走著走著,畢夏眼睛始終離不開那清澈的水。
掙扎了半天后,也不管會不會有毒,直接對著水面一吸。
瞬間清甜的水沁畢夏心脾,舒服的他差點呻吟出來。
農夫三拳鹹不鹹畢夏就不做評價了,但這水是真的甜啊……
“咕咚咕咚……”畢夏連連喝了十幾口才意猶未盡的站起身,繼續向那房間走去。
來到房間房門處,畢夏差點一腳給它踹上去。
這特喵的什麽毛病?
有正門不讓走,自己跳進來,掉進了缸裡,也就忍了。
這種小房間還敢這麽搞,真當自己沒脾氣啊?
“我特喵的……”
畢夏抬起右腿,作勢欲踢,但是下一刻他就忍住了。
這地方好歹現在也成了自己的私人財產了,踢壞了還得花錢……
畢夏直接無恥的將這院子歸為自己所有。
既然是自己的,那就……爬窗子吧。
窗子並不低,不過對於畢夏來說還不夠看。
畢夏輕便的爬了上去,謹慎的看了看窗下有沒有什麽缸之類的,這才跳了下去。
這個房間不大不小,一百平米頂天了。
房間正中間有一根不粗不細的竹筒,正在向外湧著水。
而湧出來的水正好流進了另一根斜放著的弧形竹板內,又順著流進了一個大缸之內。
這個大缸上另一側放著兩根弧形竹板,水又流向另外兩個大缸內……
最後這兩個大缸另一側同樣有弧形竹板,架在房門的兩個洞上,流向房外。
“好精妙的設計,幸好他們投降了,不然就算天不下雨,這火封之策也是失敗的。”
畢夏暗道好險。
“只是這竹筒內,為何會有源源不斷的水湧出來?難道是竹筒下正好連著一個泉眼嗎?”
這還真被畢夏猜測對了。
畢夏想著,既然自己進了房內,那就不能白進來。
所以他跑到中間那個大竹筒邊,用手接了七八次水喝。
“中間商多了,果然水的質量就差勁了,這廠家一手貨源就是不同凡響,比外面的水高了不知道多少檔次。”
畢夏感慨道。
想了想,畢夏又從窗口翻了出去。
看著半個院子的缸都被流滿了,想著也不能浪費這麽好的水啊。
於是一揮手,所有缸裡的水都被他收入系統背包內,與上次的雨水分開存放。
將衣服一脫,跳進了房門口第一個缸內,就著門上伸出來的竹筒裡流出的水,就這麽洗了起來。
一刻鍾後,神清氣爽的畢夏,拿出一件嶄新的衣服穿上,又跳出了院子,就像沒有人來過一般。
只是,當畢夏跳下牆頭,輕輕一蹲身,自覺帥氣的一抬頭,卻是正碰上了一雙吃驚的眼睛。
畢夏面前的是一個二十三四的女子,碎花洋裙油紙傘,體態輕盈面帶赧,膚色白皙,柔媚恬淡。
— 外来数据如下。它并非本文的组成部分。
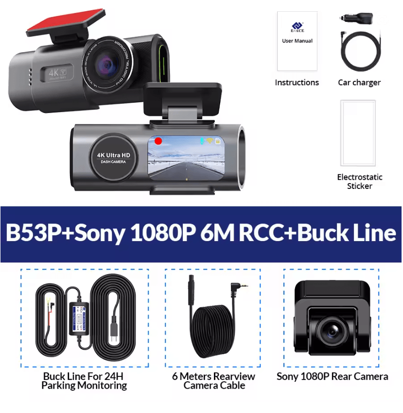 4K UHD Dash Cam With Night Vision Wi Fi Car DVR With GPS & 24H Parking Monitoring b53p 6m Rc bl none

再加上此刻若受驚的小白兔一般的神情,那模樣,甚是可愛。
好一個嬌柔的江南女子!
畢夏心中歡喜,自己這桃花緣接連不斷。
好俊俏的小生!好矯健的身姿!
面前的女子不僅是吃驚在畢夏這麽跳出來,更是驚訝於畢夏此刻俊秀。
尚且比女人白皙三分的皮膚,加上本就秀氣的面容,在畢夏突破練氣二層後,那淡淡的自信更是不經意間吸引著這女子。
雙方皆是讚歎對方的出色,
而不敢開口,怕破壞這如初戀般的相遇。 不過最後還是畢夏開了口,畢竟他是男生,剛才又嚇到了人家。
“小生劉文叔,見過姑娘。方才可否驚到了姑娘?”
畢夏此刻就差一把扇子了,不然能和段譽有得一拚。
“不……不曾。公子勿掛於心。”
面前的女子嬌羞不已,不敢抬頭看畢夏,只是聲若蚊蠅的答道。
“這女子的聲音真好聽,如春風拂過綠水。”畢夏心頭一蕩。
“這院落可是姑娘所屬?”
畢夏緊張的問道。
想著可別自己這輩子第一次翻牆入院,就被主人家逮個正著。
這女子心中也是疑惑,這個地方怎麽會有這種翩翩公子哥進來?
“並非小女子所有。”
聽到不是,畢夏這才放下了心,可是轉念一想,不對啊,不是她的,她來著幹嘛?再說這地方不是偽帝軍駐扎嗎?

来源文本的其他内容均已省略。